## Task statement
Would you print the lines below exactly, beginning at the line that has "Лет 10–15 назад" and stopping after the line that has "नई दिल्ली/टीम डिजिटल।"? Only those lines, and no pictures.

## Recorded information
· · · ·

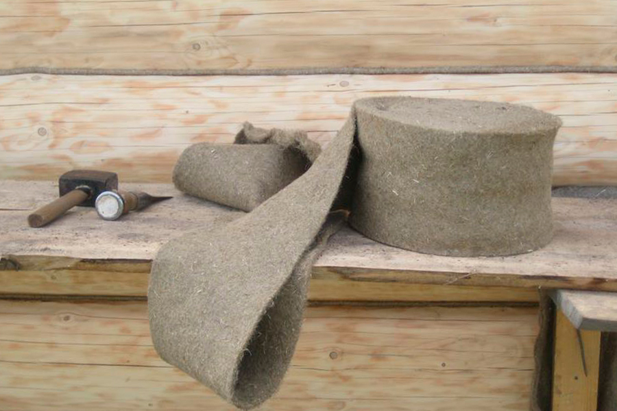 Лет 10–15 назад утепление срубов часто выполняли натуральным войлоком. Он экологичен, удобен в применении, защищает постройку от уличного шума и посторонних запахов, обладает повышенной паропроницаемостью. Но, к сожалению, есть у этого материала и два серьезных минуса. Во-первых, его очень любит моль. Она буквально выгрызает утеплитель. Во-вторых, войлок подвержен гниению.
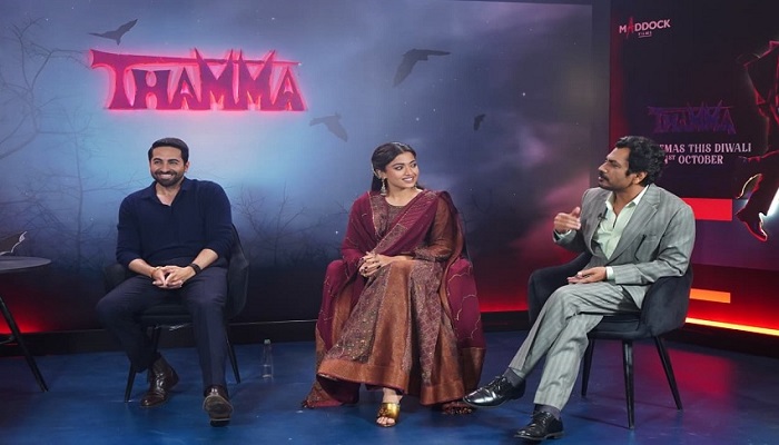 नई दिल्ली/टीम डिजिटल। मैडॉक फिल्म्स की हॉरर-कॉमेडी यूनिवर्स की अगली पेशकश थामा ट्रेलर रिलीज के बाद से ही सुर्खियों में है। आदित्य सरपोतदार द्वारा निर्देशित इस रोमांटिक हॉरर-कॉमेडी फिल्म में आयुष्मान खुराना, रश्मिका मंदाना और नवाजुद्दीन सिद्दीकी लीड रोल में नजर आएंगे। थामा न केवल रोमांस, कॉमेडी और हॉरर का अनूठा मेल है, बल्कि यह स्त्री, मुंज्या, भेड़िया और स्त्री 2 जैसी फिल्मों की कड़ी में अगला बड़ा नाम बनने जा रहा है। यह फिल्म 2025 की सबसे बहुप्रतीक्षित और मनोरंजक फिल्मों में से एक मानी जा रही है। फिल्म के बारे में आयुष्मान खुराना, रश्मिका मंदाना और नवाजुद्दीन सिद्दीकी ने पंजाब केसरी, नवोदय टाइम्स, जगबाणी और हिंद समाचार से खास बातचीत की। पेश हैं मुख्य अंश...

· · · ·

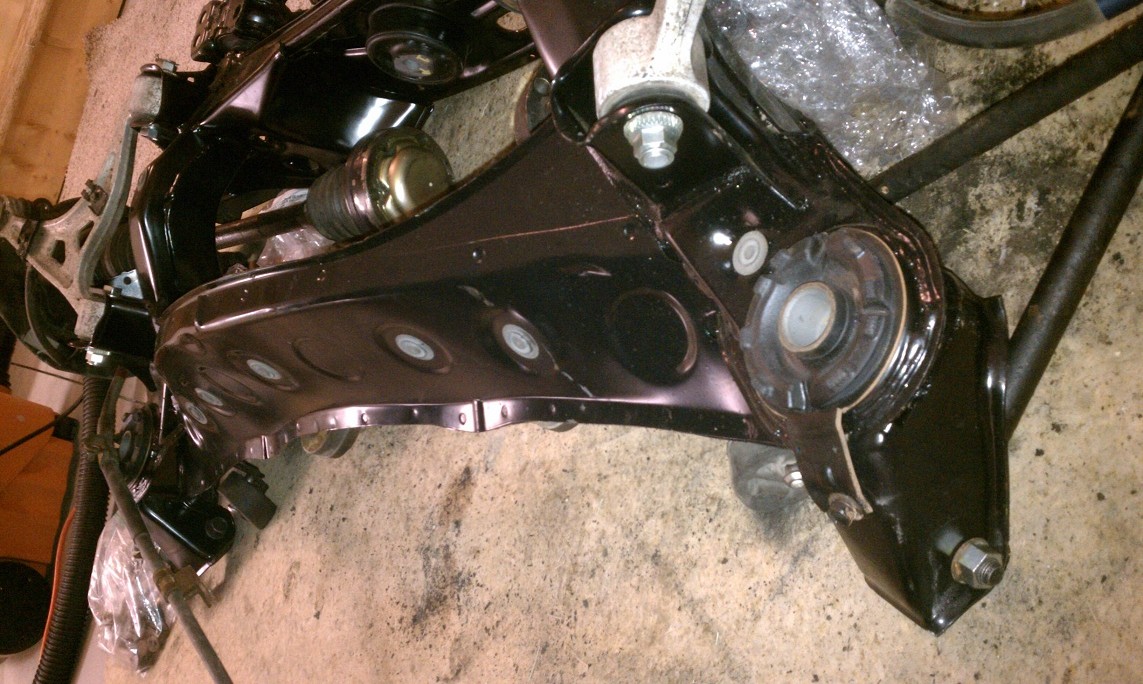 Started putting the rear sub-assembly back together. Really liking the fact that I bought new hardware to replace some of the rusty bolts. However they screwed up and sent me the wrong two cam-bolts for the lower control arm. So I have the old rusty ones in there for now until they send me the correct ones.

· · · ·

## Your solution
 Лет 10–15 назад утепление срубов часто выполняли натуральным войлоком. Он экологичен, удобен в применении, защищает постройку от уличного шума и посторонних запахов, обладает повышенной паропроницаемостью. Но, к сожалению, есть у этого материала и два серьезных минуса. Во-первых, его очень любит моль. Она буквально выгрызает утеплитель. Во-вторых, войлок подвержен гниению.
 नई दिल्ली/टीम डिजिटल। मैडॉक फिल्म्स की हॉरर-कॉमेडी यूनिवर्स की अगली पेशकश थामा ट्रेलर रिलीज के बाद से ही सुर्खियों में है। आदित्य सरपोतदार द्वारा निर्देशित इस रोमांटिक हॉरर-कॉमेडी फिल्म में आयुष्मान खुराना, रश्मिका मंदाना और नवाजुद्दीन सिद्दीकी लीड रोल में नजर आएंगे। थामा न केवल रोमांस, कॉमेडी और हॉरर का अनूठा मेल है, बल्कि यह स्त्री, मुंज्या, भेड़िया और स्त्री 2 जैसी फिल्मों की कड़ी में अगला बड़ा नाम बनने जा रहा है। यह फिल्म 2025 की सबसे बहुप्रतीक्षित और मनोरंजक फिल्मों में से एक मानी जा रही है। फिल्म के बारे में आयुष्मान खुराना, रश्मिका मंदाना और नवाजुद्दीन सिद्दीकी ने पंजाब केसरी, नवोदय टाइम्स, जगबाणी और हिंद समाचार से खास बातचीत की। पेश हैं मुख्य अंश...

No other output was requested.